Brief: Using the data below, transcribe exactly everything from the line that contains "The modern kitchen" down to the line that contains "- Marcadores Lavables: El". Include both of those lines and none of the pictures.

Data section:
↓↓↓

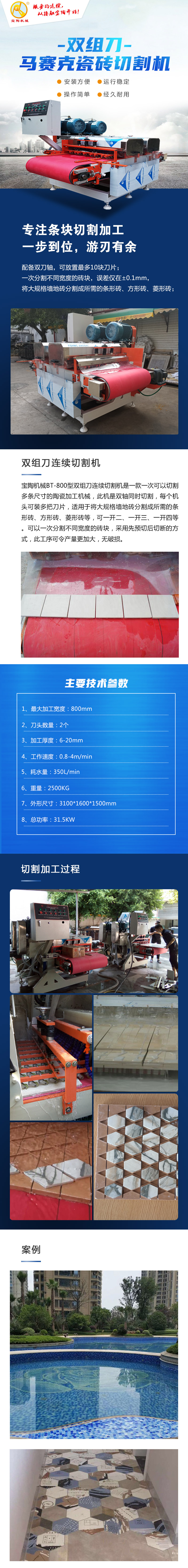 BT-800型雙組刀自動切割機(jī)適用于用拋光磚分割成各種規(guī)格的高檔馬賽克,尺寸最小可分割10mm×10mm及各種形狀,如菱形、六角型等,分割中可同時進(jìn)行倒面角,完全不需要人手再加工,本機(jī)具有機(jī)械性能穩(wěn)定,在分割小形馬賽克時,可壓穩(wěn)磚塊,確保分割開的小形磚塊不會飛出及效率高,質(zhì)量好等特點。
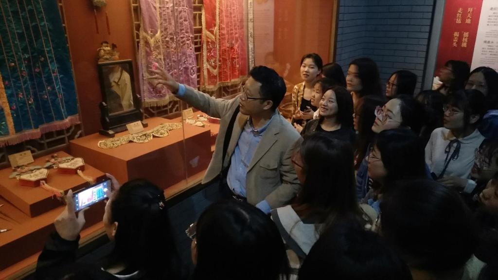 在参观过程中,王渭清老师结合馆内实物陈列讲解了许多民俗背后的文化成因和价值意蕴,使同学们不仅对宝鸡民间文化有了更全面认识和了解,而且激发了同学们对民俗民间艺术和非物质文化遗产深入学习的兴趣。本次实践教学,是英国365集团官网以专业认证精神为导向,拓展课程内涵,创新教学方式的措施之一。
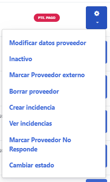 - Se podrán gestionar a través del botón azul (desplegable) situado a la derecha en el listado de proveedores.
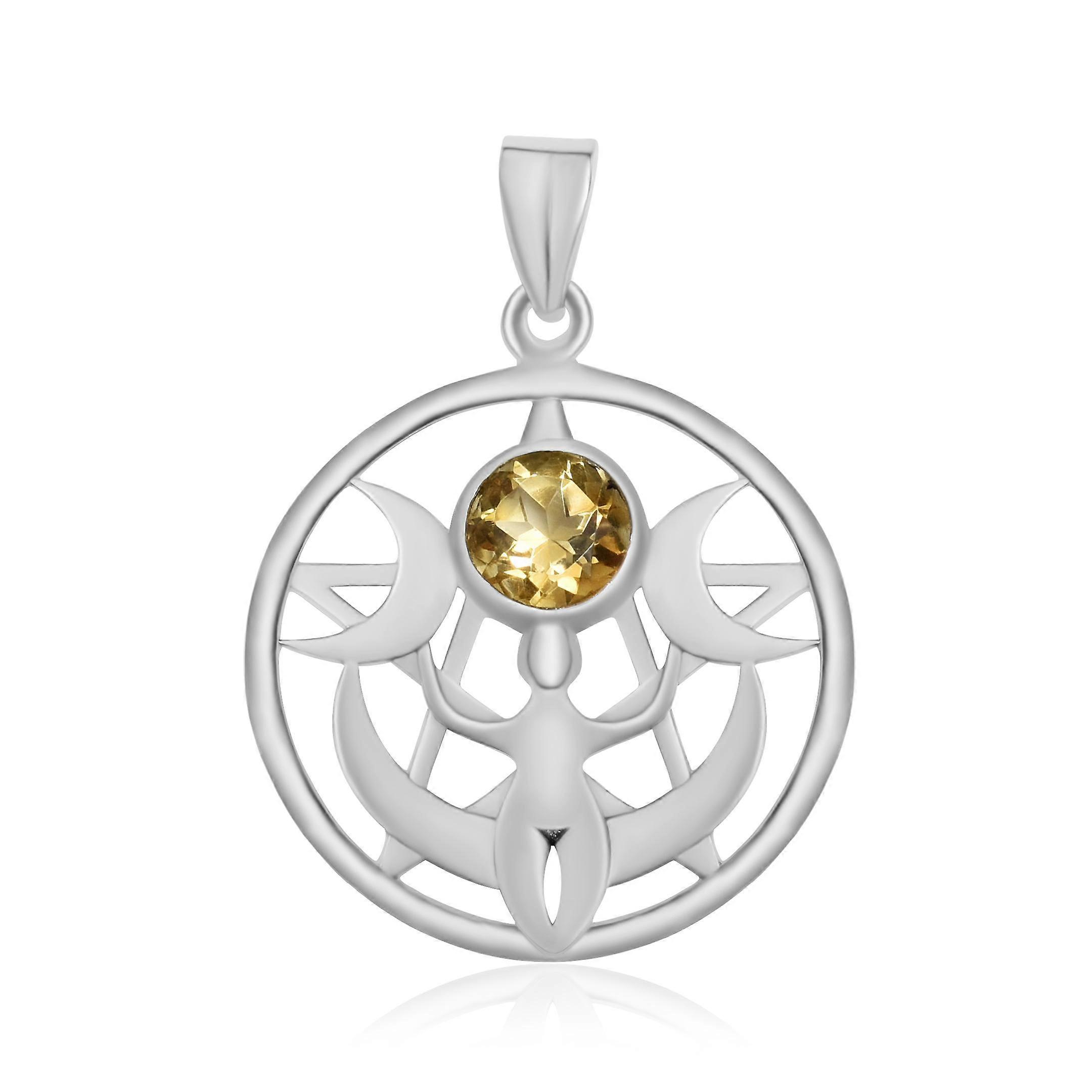 Triple Moon Goddess Celtic Pentagram Pentacle Pendant 925 Sterling Silver Natural Citrine Gemstone Pendant For Unisex
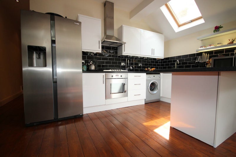 The modern kitchen is well equipped with a large American fridge freezer, washing machine, dishwasher, 5 burner hob and lots of storage space.
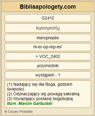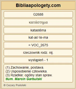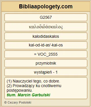 | L07 | Tt2_3 | Podobnie G5615 starsze kobiety G4247 winny być G1511 w zewnętrznym ułożeniu G2688 jak najskromniejsze G2412 , nie G3361 plotkarkami G1228 , nie G3361 pijaczkami G1402 wina G3631 , a nauczycielkami G2567 dobrego . |
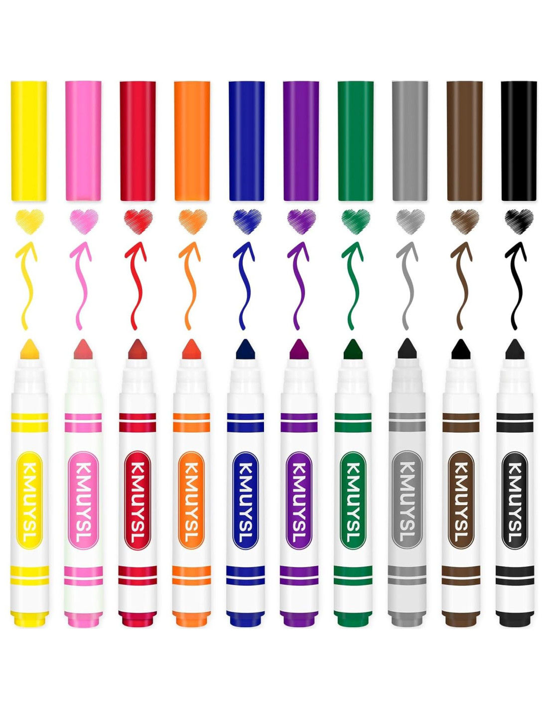 - Marcadores Lavables: El pigmento del marcador puede ser lavable. Si la pintura mancha tus manos, puedes enjuagarlas fácilmente con agua. Aviso: El marcador lavable no es adecuado para su uso en la pizarra blanca. No se borra fácilmente en la pizarra blanca, pero se puede limpiar con una toalla de papel húmeda.
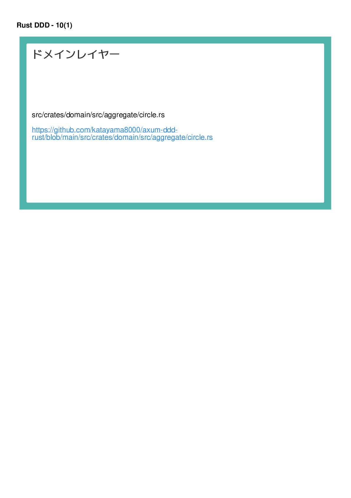 Rust DDD - 10(1) ドメインレイヤー ドメインレイヤー src/crates/domain/src/aggregate/circle.rs https://github.com/katayama8000/axum-ddd- rust/blob/main/src/crates/domain/src/aggregate/circle.rs

↑↑↑

Your response:
 The modern kitchen is well equipped with a large American fridge freezer, washing machine, dishwasher, 5 burner hob and lots of storage space.
 | L07 | Tt2_3 | Podobnie G5615 starsze kobiety G4247 winny być G1511 w zewnętrznym ułożeniu G2688 jak najskromniejsze G2412 , nie G3361 plotkarkami G1228 , nie G3361 pijaczkami G1402 wina G3631 , a nauczycielkami G2567 dobrego . |
 - Marcadores Lavables: El pigmento del marcador puede ser lavable. Si la pintura mancha tus manos, puedes enjuagarlas fácilmente con agua. Aviso: El marcador lavable no es adecuado para su uso en la pizarra blanca. No se borra fácilmente en la pizarra blanca, pero se puede limpiar con una toalla de papel húmeda.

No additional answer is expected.